To overcome these gaps in knowledge, this study aimed at evaluating the gender differences in asthmatic symptoms, pulmonary function, and biomarkers between men and women patients with asthma who were treated with MS + inhaled corticosteroids (ICS).
Methods
Study Participants
Recruitment
The patients were recruited from the outpatient clinics of the Pulmonary and Critical Care Medicine department of “Mauro Scarlato” Hospital in Scafati, Italy.
Characteristics of the Participants
Asthmatic patients with a history of atopy and documented presence of allergy (see later) were included. We excluded individuals with a history of lung diseases other than asthma, coronary artery disease, congestive heart failure, or any comorbidity such as gastroesophageal reflux or rhino-sinusitis, which could have had an effect on symptoms.
Asthma Diagnosis
Asthma was diagnosed based upon the presence of both: a) respiratory symptoms (wheeze, shortness of breath, chest tightness, and cough) usually triggered by exercise, laughter, allergens, or cold air and worsening at night or on waking or exacerbated by viral infections; and b) expiratory airflow limitation. The asthmatic airflow phenotype was confirmed by one or more of the following: 1) increase in forced expiratory volume in 1 s (FEV1.0) of >12% and >200 ml from baseline in response to 400-mcg albuterol; or 2) excessive variability in twice-daily peak expiratory flow over 2 weeks (average daily diurnal peak expiratory flow variability >20%); or 3) positive bronchial challenge test (drop of ≥20% in FEV1.0 from baseline in response to standard doses of methacholine). The patients underwent intradermal skin testing for immunoglobulin E (IgE)-mediated hypersensitivity. The subjects did not use anti-histaminic drugs for at least 48 h before the skin testing. Allergy skin-prick tests were performed using 14 common aeroallergen extracts (Lofarma, Italy): Dermatophagoides farinae, D. pteronyssinus, cat, dog, ragweed mix, grass mix (timothy, june, orchard), ash, beech, birch, hickory, oak, poplar, and the molds Aspergillus and Alternaria tenuis; histamine (1 mg/ml) and saline (0.9%) solutions were used as positive and negative controls, respectively. Atopy was defined as a positive intradermal test to at least one allergen with a 2+ or greater wheal-and-flare response with or without pseudopods (21 to 30 mm of erythema with a 5- to 10-mm wheal). Histamine reactivity was documented by an intradermal injection of 0.05 ml of a solution containing histamine at 1 mg/ml. Serum samples were screened for total and specific IgE. Total IgE were evaluated by Fluoro-Fast Test (3M Diagnostics Inc., Santa Clara, CA), and an IgE level above 100 IU/ml was considered to be indicative of high probability of atopy. The diagnosis of asthma was successively confirmed by a positive radioallergosorbent (RAST) test for IgE antibodies (RAST-CAP-FEIA, Pharmacia, Uppsala, Sweden). The RAST results were classified as Class 1 (low level of specific IgE), Class 2 (moderate level), Class 3 (high level), and Class 4 (very high level). Only patients with both positive intradermal test and RAST were enrolled.

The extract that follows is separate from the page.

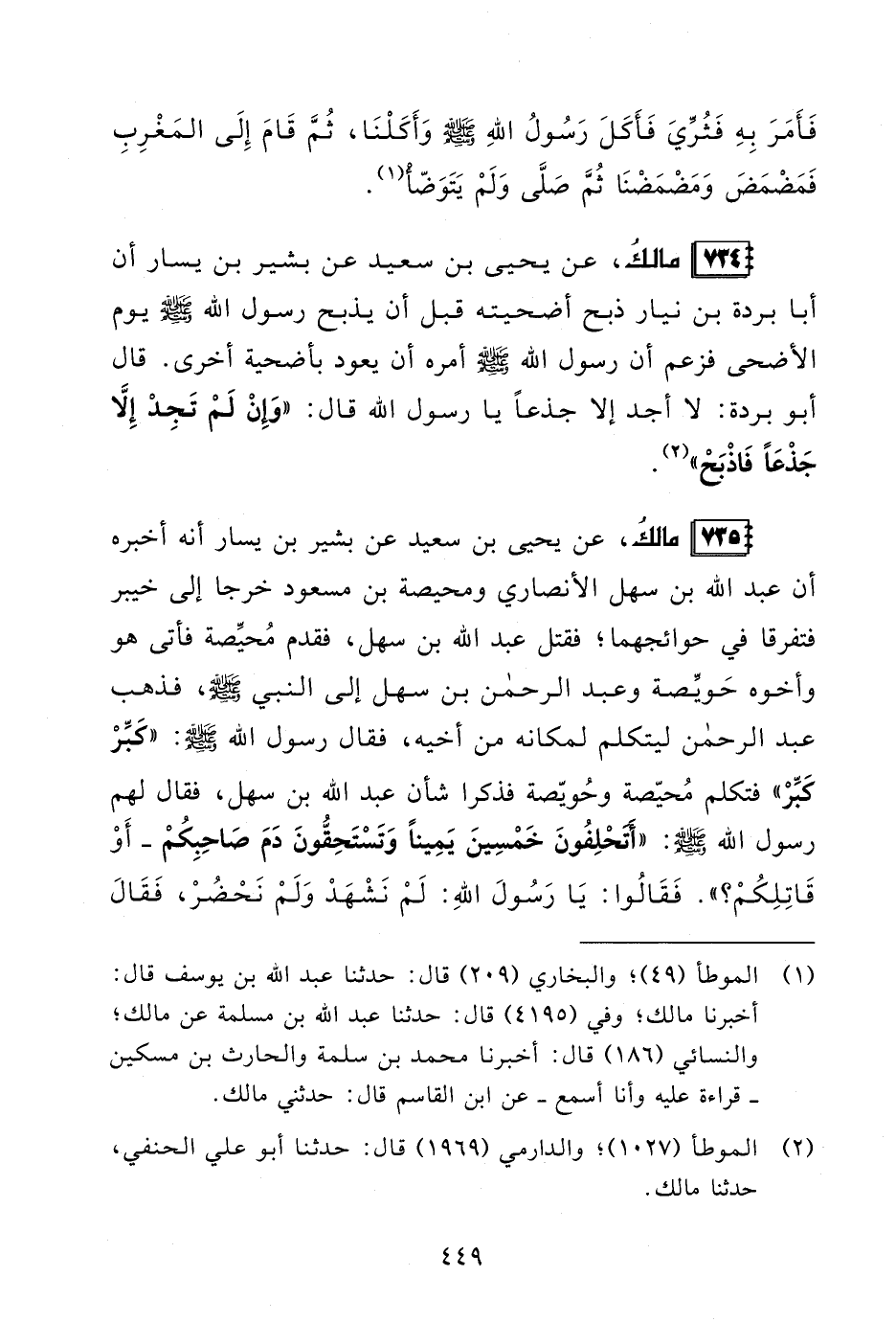 735 - مالكُ، عن يحيى بن سعيد عن بشير بن يسار أنه أخبره أن عبد الله بن سهل الأنصاري ومحيصة بن مسعود خرجا إلى خيبر فتفرقا في حوائجهما؛ فقتل عبد الله بن سهل، فقدم مُحيِّصة فأتى هو وأخوه حَويِّصة وعبد الرحمن بن سهل إلى النبي- صلى الله عليه وسلم -، فذهب عبد الرحمن ليتكلم لمكانه من أخيه، فقال رسول الله- صلى الله عليه وسلم -: "كَبِّرْ كَبِّرْ" فتكلم مُحيّصة وحُويّصة فذكرا شأن عبد الله بن سهل، فقال لهم رسول الله - صلى الله عليه وسلم -: "أَتَحْلِفُونَ خَمْسِينَ يَمِينًا وَتَسْتَحِقُّونَ دَمَ صَاحِبِكُمْ -أَوْ قَاتِلِكُمْ؟ ". فَقَالُوا: يَا رَسُولَ اللهِ: لَمْ نَشْهَدْ وَلَمْ نَحْضُرْ، فَقَالَ

Enrollment Procedures and Study Setting
Following enrollment, two women and two men were excluded from the analysis for no-show at the follow-up visit. The final study population included 10 males between 23 and 43 years old and 11 age-matched females; among the participants, there were two mild smokers (one male and one female) with a smoking history of 8.2 + 2.9 pack/years. No woman was taking oral or intrauterine contraceptives. Obesity, defined as a body mass index ≥30 kg/m2, was present (<35 kg/m2) in two females (Table 1). At the moment of the enrollment, all the subjects were treated using the Step 2 approach recommended by Consensus-based () Asthma Symptom Control (https://ginasthma.org/): regular low dose of ICS plus as-needed short acting beta2-agonists (SABA). Since the asthma was non- or partially controlled based upon daytime asthma symptoms, night waking due to asthma, as-needed use of SABA, activity limitation due to the symptoms, a step-up approach (Step 3, GINA guidelines) was required at baseline visit. According to the Step 3 approach, the subjects were switched to a low-dose maintenance therapy with ICS [100–200 mcg of beclomethasone dipropionate (HFA) per day] + MS (10 mg per day), plus as-needed SABA or low-dose ICS/LABA.
Table 1 Demographic characteristics of study participants.

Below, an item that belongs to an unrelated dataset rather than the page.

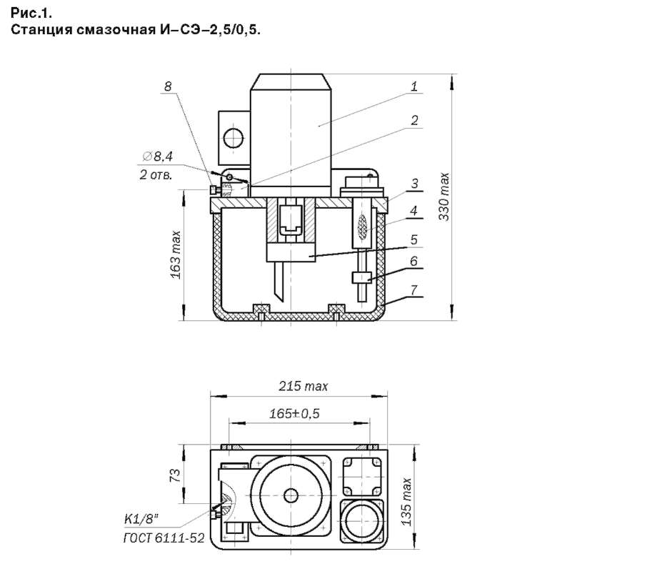 Станции смазочные И-СЭ состоят из бака (поз.7) (для И-СЭ 2,5/0,5 он выполнен из прозрачной пластмассы вместимостью 2,5 дм3; для И-СЭ 10/0,5 и 10/1,0–металлический с маслоуказателями верхнего и нижнего уровней вместимостью 10 дм3 ), закрытого крышкой (поз.3), к которой крепится насосная установка в виде шестеренного насоса (поз.5) с электродвигателем (поз.1), клапанная коробка (поз.2) с дросселем (поз.8) выпуска воздуха, реле уровня (поз.6) и заливной фильтр (поз.4) с воздушным фильтром. Места для крепления станций расположены на крышке.

Baseline and End of Study Visits
At enrollment, prior to the MS addition to ICS therapy, the values for FEV1.0, FVC, fraction of FeNO, and eosinophils levels were recorded, together with the results of the asthma control test (ACT). Patients were seen by their assigned physician in an outpatient setting at enrollment and 13 weeks after the enrollment.
Assessments
Spirometry was performed according to the American Thoracic Society/European Respiratory Society guidelines. Spirometric maneuvers were conducted in triplicate, and the highest sum of FEV1.0 and FVC values was used in subsequent analyses. Predicted normal values of FEV1.0 and FVC were derived from standard equations.
The eosinophil count was performed by diluting whole blood with a phyloxine B staining solution that stains the eosinophil population in red. The diluted sample were charged onto a hemacytometer for counting using a low-power (10×) objective.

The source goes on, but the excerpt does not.